> **GOAL OF THE EXERCISE**
After locating the line with "目前各国正在走向逐步解封的方" below, output it and each following line exactly, stopping after the line with "总之,虽然不存在绝对稳赚不赔". No pictures.

> **DATA FOR THIS TASK**
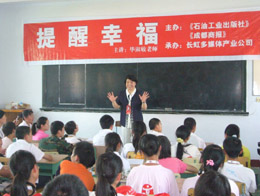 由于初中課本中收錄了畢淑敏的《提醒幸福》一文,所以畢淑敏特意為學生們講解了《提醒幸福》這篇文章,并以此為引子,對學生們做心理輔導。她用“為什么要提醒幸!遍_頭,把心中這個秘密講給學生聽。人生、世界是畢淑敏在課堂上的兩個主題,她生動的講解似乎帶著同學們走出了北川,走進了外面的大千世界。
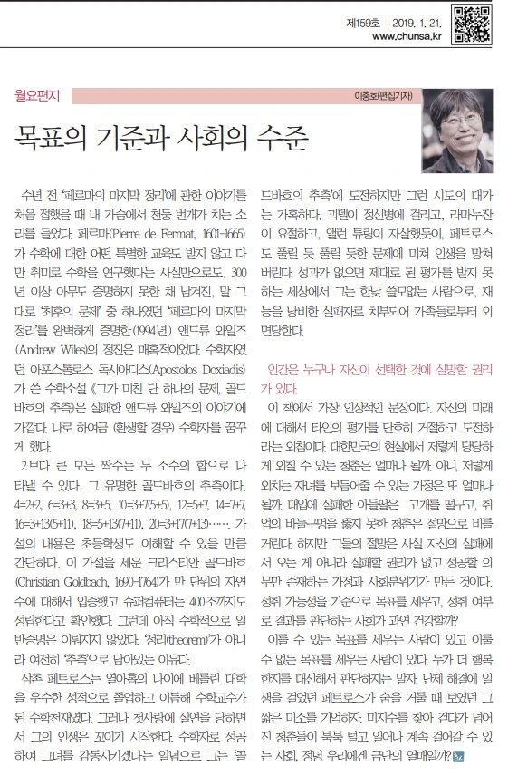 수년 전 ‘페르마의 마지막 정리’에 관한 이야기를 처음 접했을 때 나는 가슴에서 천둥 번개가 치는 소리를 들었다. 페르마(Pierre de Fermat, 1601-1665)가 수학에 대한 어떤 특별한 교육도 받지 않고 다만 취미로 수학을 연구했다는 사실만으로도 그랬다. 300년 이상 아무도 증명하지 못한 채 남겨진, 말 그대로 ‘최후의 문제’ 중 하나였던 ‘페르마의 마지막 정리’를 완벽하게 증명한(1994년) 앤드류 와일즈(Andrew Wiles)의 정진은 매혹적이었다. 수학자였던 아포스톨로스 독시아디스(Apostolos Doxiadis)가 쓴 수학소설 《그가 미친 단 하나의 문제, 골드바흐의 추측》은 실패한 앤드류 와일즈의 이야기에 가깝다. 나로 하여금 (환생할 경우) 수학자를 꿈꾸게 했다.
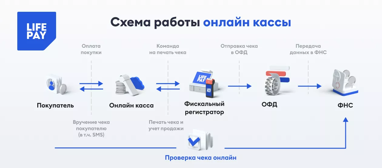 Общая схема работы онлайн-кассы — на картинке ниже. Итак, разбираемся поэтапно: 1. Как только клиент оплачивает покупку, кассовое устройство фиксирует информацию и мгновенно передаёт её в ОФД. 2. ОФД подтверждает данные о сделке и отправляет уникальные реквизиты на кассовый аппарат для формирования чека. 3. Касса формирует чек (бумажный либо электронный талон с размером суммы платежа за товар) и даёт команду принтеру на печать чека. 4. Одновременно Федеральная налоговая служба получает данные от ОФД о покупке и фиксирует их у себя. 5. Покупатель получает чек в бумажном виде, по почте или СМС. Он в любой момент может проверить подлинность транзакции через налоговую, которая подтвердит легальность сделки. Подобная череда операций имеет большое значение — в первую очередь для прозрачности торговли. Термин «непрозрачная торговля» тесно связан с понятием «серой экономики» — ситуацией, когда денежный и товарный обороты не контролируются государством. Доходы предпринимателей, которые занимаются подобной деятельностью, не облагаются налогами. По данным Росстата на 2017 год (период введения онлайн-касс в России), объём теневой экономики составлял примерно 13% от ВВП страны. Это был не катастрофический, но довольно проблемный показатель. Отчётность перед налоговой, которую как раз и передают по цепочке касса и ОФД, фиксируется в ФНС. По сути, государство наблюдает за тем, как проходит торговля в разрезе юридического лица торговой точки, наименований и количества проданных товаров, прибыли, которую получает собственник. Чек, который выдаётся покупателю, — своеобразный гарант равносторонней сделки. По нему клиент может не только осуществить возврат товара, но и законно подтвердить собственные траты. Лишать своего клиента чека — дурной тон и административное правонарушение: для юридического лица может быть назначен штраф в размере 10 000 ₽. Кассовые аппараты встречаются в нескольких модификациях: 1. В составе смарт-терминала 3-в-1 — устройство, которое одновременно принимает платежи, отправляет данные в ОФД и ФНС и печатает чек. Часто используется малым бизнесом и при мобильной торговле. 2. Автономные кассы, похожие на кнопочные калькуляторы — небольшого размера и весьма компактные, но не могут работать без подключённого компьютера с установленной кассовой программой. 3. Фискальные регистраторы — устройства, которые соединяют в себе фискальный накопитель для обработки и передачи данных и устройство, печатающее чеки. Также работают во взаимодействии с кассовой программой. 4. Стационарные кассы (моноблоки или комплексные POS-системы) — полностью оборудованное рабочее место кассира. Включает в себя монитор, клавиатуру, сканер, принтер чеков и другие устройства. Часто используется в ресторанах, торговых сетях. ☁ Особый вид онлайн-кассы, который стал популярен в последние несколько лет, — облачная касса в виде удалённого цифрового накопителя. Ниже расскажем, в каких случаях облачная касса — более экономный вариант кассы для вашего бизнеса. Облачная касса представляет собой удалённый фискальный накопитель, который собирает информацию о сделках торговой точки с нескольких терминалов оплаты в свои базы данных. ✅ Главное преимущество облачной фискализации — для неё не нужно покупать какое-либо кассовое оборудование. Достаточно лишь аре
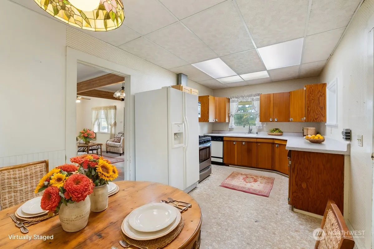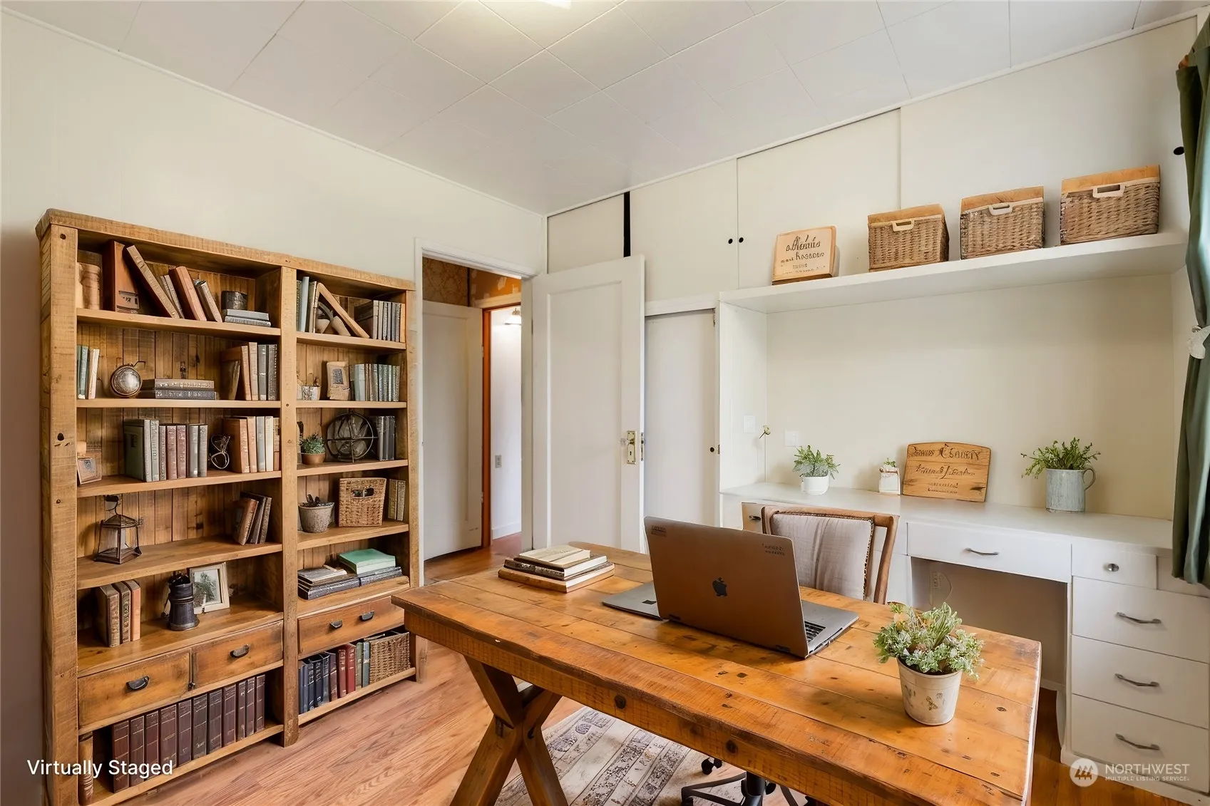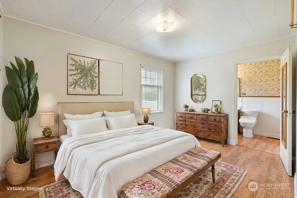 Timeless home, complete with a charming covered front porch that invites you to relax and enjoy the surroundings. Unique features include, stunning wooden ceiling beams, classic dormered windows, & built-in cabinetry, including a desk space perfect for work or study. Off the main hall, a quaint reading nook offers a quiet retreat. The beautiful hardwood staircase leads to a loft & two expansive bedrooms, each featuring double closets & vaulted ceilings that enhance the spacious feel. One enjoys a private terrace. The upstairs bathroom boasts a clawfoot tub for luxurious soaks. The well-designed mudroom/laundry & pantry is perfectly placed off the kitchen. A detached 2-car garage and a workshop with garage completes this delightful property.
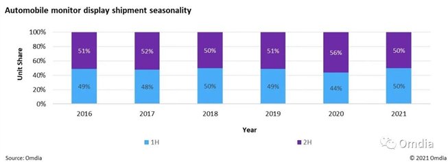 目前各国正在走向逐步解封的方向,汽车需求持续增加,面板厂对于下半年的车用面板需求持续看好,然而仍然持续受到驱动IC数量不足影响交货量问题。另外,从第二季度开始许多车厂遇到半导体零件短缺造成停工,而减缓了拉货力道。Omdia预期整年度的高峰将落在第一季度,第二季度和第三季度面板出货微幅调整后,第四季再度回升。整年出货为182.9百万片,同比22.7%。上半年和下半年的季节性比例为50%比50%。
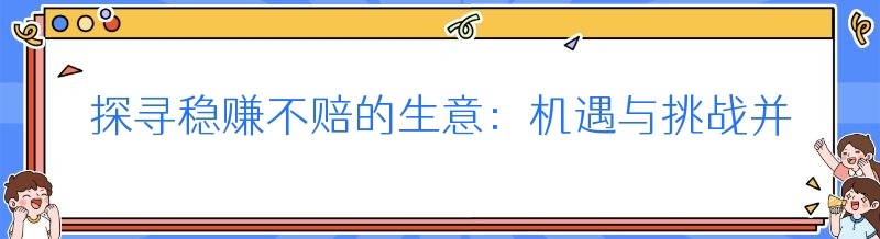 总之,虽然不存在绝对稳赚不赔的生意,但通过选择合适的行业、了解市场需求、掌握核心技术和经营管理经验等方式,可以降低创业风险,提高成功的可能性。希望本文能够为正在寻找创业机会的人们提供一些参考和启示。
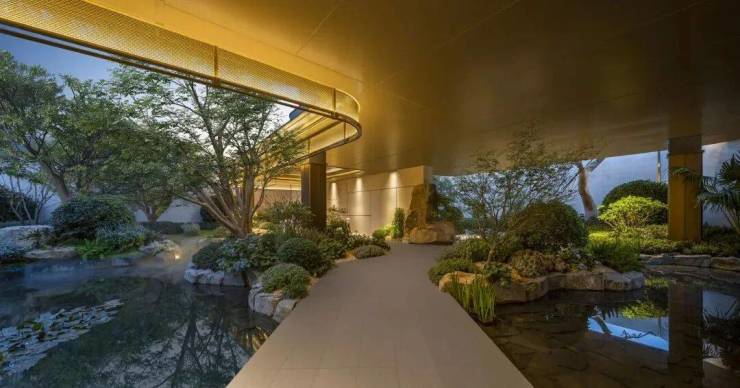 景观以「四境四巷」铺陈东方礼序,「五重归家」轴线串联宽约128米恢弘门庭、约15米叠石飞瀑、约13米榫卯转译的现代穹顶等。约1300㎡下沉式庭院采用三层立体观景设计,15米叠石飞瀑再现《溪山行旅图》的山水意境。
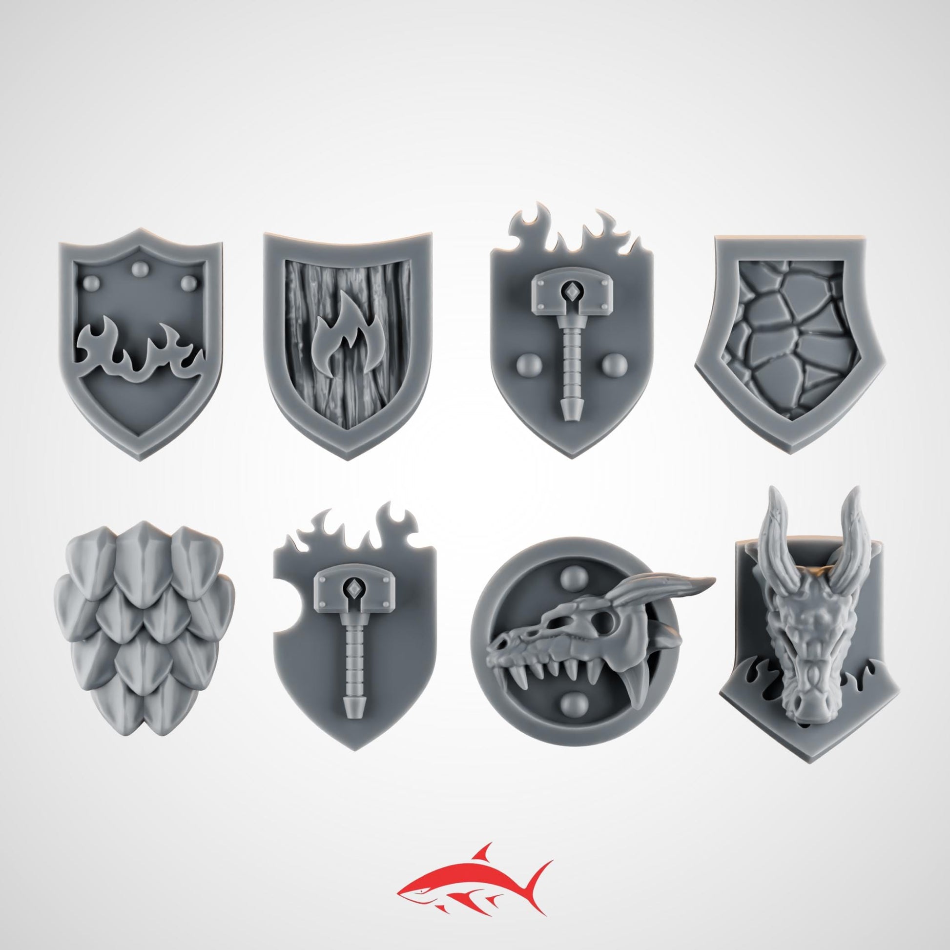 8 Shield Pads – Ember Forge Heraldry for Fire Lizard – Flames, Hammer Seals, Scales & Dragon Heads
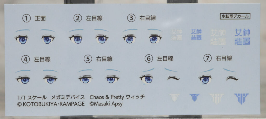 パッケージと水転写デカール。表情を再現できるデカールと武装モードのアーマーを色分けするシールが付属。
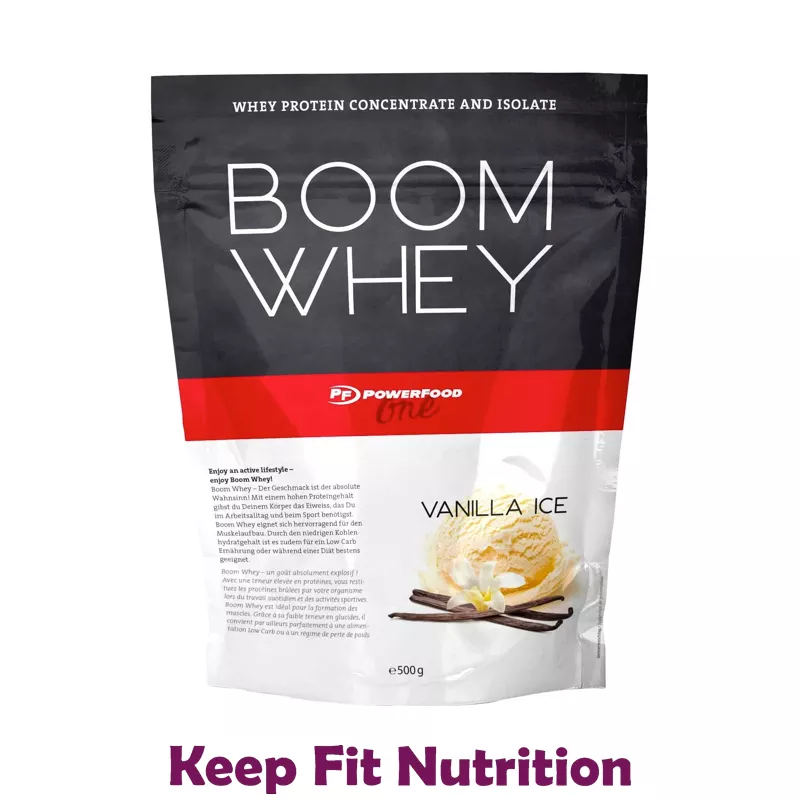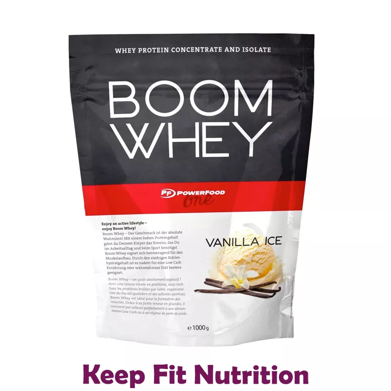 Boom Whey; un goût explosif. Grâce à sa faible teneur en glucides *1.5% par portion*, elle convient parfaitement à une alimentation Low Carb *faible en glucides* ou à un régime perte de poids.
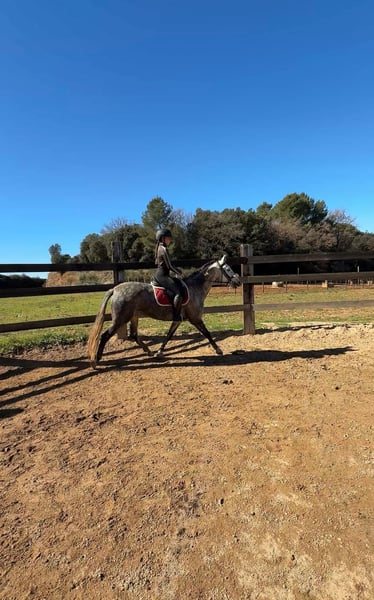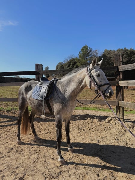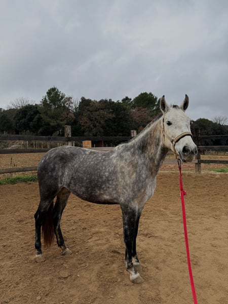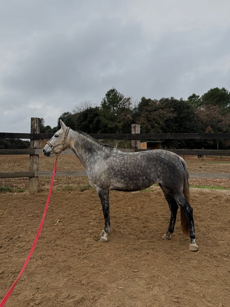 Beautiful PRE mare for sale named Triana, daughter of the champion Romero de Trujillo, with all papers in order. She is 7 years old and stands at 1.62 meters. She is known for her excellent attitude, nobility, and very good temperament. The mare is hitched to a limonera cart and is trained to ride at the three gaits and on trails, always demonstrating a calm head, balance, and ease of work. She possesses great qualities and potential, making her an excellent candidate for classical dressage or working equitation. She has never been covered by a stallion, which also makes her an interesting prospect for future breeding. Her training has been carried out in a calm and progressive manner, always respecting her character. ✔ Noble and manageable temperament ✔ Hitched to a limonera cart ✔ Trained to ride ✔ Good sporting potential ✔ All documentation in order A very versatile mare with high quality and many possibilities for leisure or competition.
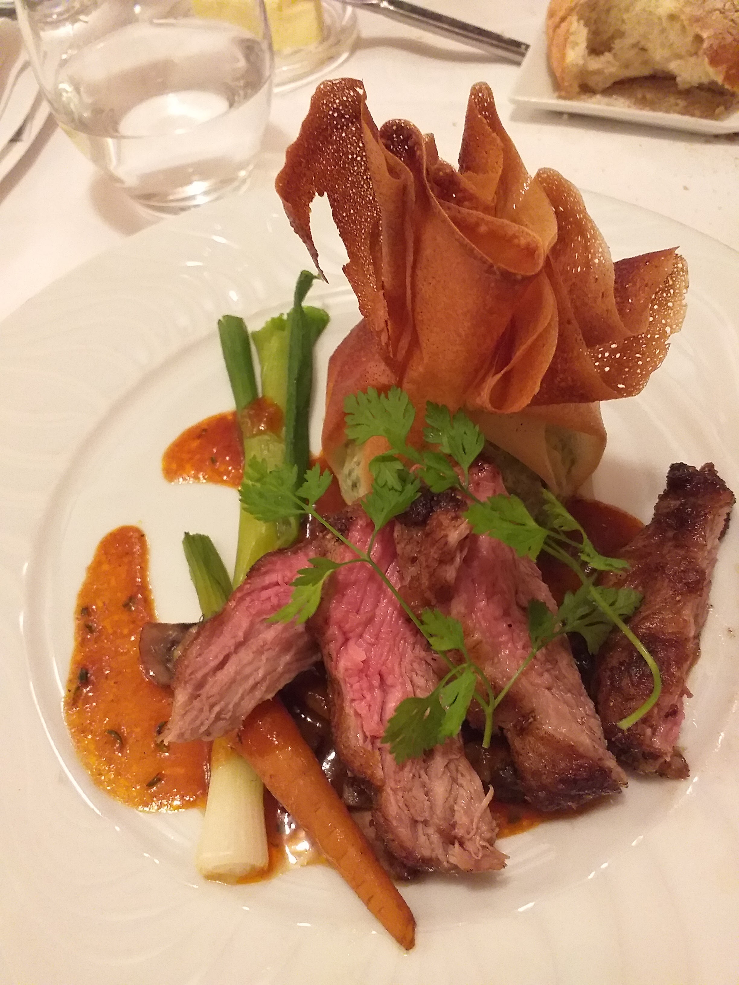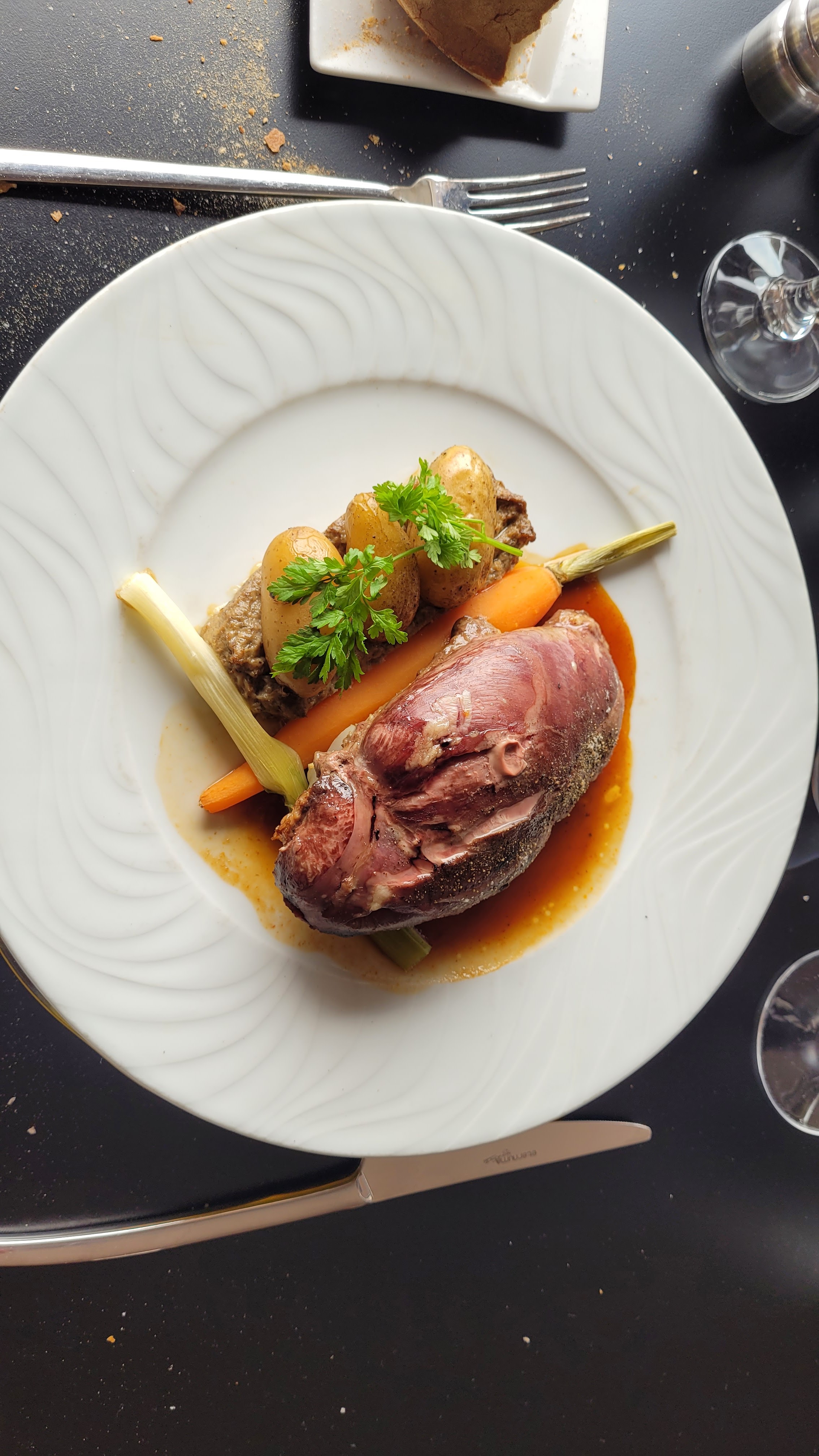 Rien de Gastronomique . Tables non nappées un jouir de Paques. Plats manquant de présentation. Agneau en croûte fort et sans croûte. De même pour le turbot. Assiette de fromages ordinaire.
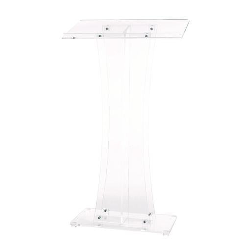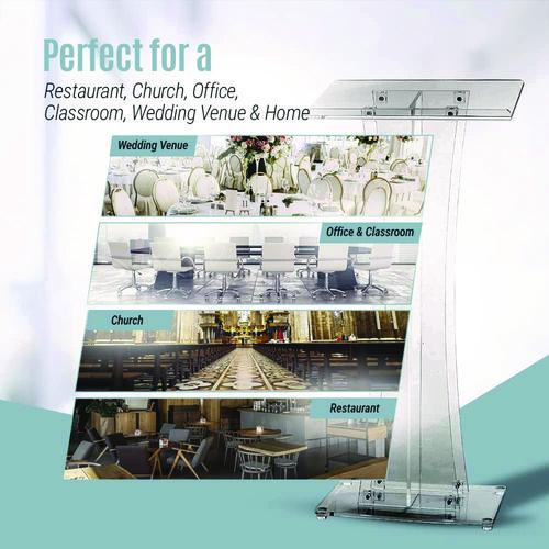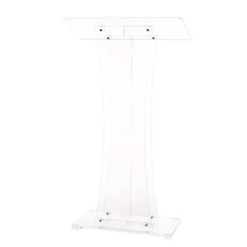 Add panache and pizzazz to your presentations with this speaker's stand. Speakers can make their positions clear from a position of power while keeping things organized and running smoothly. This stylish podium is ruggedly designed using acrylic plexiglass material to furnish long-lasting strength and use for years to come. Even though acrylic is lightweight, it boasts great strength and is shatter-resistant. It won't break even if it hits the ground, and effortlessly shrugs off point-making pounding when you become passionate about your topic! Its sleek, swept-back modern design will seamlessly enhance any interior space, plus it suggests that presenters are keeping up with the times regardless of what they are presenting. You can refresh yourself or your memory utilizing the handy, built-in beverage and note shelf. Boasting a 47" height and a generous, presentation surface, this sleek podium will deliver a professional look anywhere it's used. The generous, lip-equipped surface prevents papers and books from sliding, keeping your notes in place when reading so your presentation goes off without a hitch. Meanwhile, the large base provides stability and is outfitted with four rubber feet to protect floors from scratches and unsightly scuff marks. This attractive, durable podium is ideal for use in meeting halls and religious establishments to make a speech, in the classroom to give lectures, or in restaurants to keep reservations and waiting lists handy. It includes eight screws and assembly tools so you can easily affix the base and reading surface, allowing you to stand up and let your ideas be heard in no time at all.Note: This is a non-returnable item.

> **RESPONSE**
 目前各国正在走向逐步解封的方向,汽车需求持续增加,面板厂对于下半年的车用面板需求持续看好,然而仍然持续受到驱动IC数量不足影响交货量问题。另外,从第二季度开始许多车厂遇到半导体零件短缺造成停工,而减缓了拉货力道。Omdia预期整年度的高峰将落在第一季度,第二季度和第三季度面板出货微幅调整后,第四季再度回升。整年出货为182.9百万片,同比22.7%。上半年和下半年的季节性比例为50%比50%。
 总之,虽然不存在绝对稳赚不赔的生意,但通过选择合适的行业、了解市场需求、掌握核心技术和经营管理经验等方式,可以降低创业风险,提高成功的可能性。希望本文能够为正在寻找创业机会的人们提供一些参考和启示。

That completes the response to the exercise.